Laura Alcoba et l’émancipation par l’exil

L'écrivaine argentine Laura Alcoba
Photo: François Guillot Agence France-Presse L'écrivaine argentine Laura Alcoba

Née en Argentine sous la dictature militaire (1976-1983) aux nombreuses séquelles, Laura Alcoba s’est réfugiée en France, où elle a réussi des études brillantes en littérature hispanique. Écrivaine, elle enseigne à l’université et signe une autobiographie en plusieurs volumes, au ton d’un journal d’adolescente, tant ils sont factuels et pleins d’incompréhension.

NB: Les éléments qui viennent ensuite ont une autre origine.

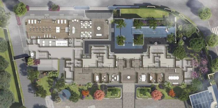 15.4米南向光域,270°环景阳台接引天光,将约5000m²城市公园(规划)与内园双景框入巨幕,展开顶豪视野。

Elle ne maîtrise rien de sa vie rompue, mais les mots de la mémoire s’enfilent en images arrachées au silence et à l’oubli. Dans Manèges, petite histoire argentine (2007) plane un grave silence imposé à l’enfant avant ses sept ans. Le trauma en demeure, lié au danger planant sur sa famille, qui lui a tôt fait abhorrer la délation, les arrestations brutales et les disparitions. Voilà de quoi résumer « l’Argentine des Montoneros, de la dictature et de la terreur à hauteur d’enfant ».

Son père n’échappe pas à la prison ; réfugiée en France, sa mère la fera venir un an plus tard. En 2003, Alcoba retourne sur les lieux, et même en partie détruits, elle peut expliquer l’histoire à sa propre fille. Forts et précis, les fragments du passé remontent — sensations, angoisses, lieux, silhouettes, déménagements, visites, activités illicites, réalités locales.

Que d’effroi causera l’imprimerie dissimulée derrière un mur ! Elle décrit la clandestinité, la trahison, mais aussi l’affection des grands-parents et un certain charme des jours. Fillette astucieuse, elle esquivait les questions, cachait sa propre identité et rêvait d’explications qui amadoueraient ce mauvais monde.

Une mémoire en morceaux

Dans Le bleu des abeilles (2013) et dans La danse de l’araignée, elle dit son arrivée en banlieue parisienne. Sa mémoire se morcelle davantage. Le ton d’égarement dominant fait sentir l’angoisse persistante. Est-il plus difficile de s’intégrer ou de grandir ? Le résultat est la solitude, malgré les amitiés et la lecture. Cette nouvelle vie est vraiment difficile.

La censure

Sa mère est distante. Avec son père, prisonnier politique à La Plata, elle entretient une correspondance hebdomadaire, toujours seule, entre le 21 janvier 1979 et le 21 septembre 1981. Relisant ces lettres, elle revoit son immersion dans un univers illogique et laid, peu relié, sinon par le courrier, à celui d’avant. Mais que vaut une langue exempte d’allusions et d’ambiguïtés pour passer la censure ?

Impossible de dire l’imprévisible, sauf peut-être « la danse de l’araignée », curieux animal qui se met sur le dos pour être caressé. Alcoba fait sentir ces interdits de pensée, les signes sociaux restés muets, tous ces obstacles entre le monde et elle. Mais elle vit que certaines métaphores échappaient à la loi : le « bleu » des abeilles ou la « danse » de l’araignée cristallisaient une tendresse naturelle. L’espérance d’un père et d’une fille tenait à ce fil, malgré la discordance hallucinée entre vivre au quotidien et en parler comme sien.

La poésie consola Alcoba. Ses livres disent les moments angoissants vécus à fleur de peau, en images irrégulières comme une toile d’araignée. Levée d’interdits, sa douleur explosera à l’annonce que son père est libéré. Si c’est presque un inconnu qu’elle accueille en France, les mots partagés ont été les ambassadeurs de leur force et de leur constance.